Prior to the Uruguay Round was the Kennedy Round, which had many industrial tariffs cut in half and also a code on dumping was agreed upon separately. The Tokyo Round included the first serious discussion concerning nontariff barriers. Both of these preceded the Uruguay Round. Free trade and Globalization remain a real matter of controversy for many who feel they are getting the raw end of the deal. On the other hand, it remains indisputable that “three-fourths of the globe’s countries derive at least a third of their national income from exports, and by 2015 this percentage is expected to increase to about two-fifths for the world” (qtd. in Kegley 327).
The formation of the North America Free Trade Agreement (NAFTA) created a situation in which trade could occur among Canada, Mexico, and the United States without the same tariff penalties as, for example, China would have to pay in order to trade with any of those three. Critics believe that this creates tariff preferences and that a division of the Global market place by these blocs is an obstacle to the LIEO of Global free trade, perhaps leading them to revert or continue to be mercantilist or protectionist in nature. This would be a threat to free trade. Subsidies, or more particular, farm subsidies in the U.S. are a threat to free trade by providing a competitive advantage to the U.S. over foreign producers of the same goods.

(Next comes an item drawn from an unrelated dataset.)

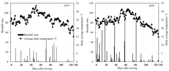 Rainfall (line) and daily average temperature (bars) at the experimental site during the 2019 and 2020 rice growth seasons.
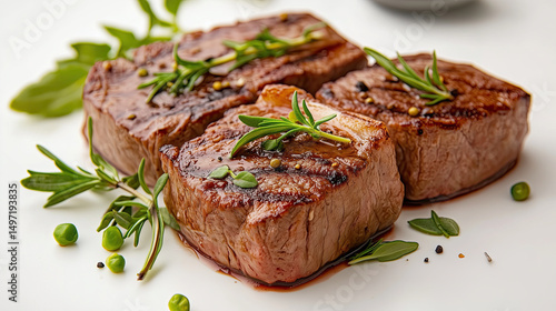 Juicy steak pieces garnished with fresh herbs and spices, showcasing delicious and appetizing presentation

The future of international trade and economic growth, literally, hang in a balance. The question remains: will trade barriers be reduced in the future? Many speculate upon the answer to that question. However, if 2005 is any indication, where as many as 60 countries had established a multitude of non tariff barriers for restricting trade with the rest of the world, then it remains highly likely that they will not being disseminating any time in the near future. It is merely second nature for many countries to not look beyond the benefits of free trade and simply choose to seemingly protect their own interests by restricting importation into their country, which, in reality, the long-term results are exactly the opposite.
Kegley, Charles W. World Politics: Trend and Transformation. 11th ed. United States: Thomson Wadsworth, 2007.
Is free trade really the way to go, or should some changes be made???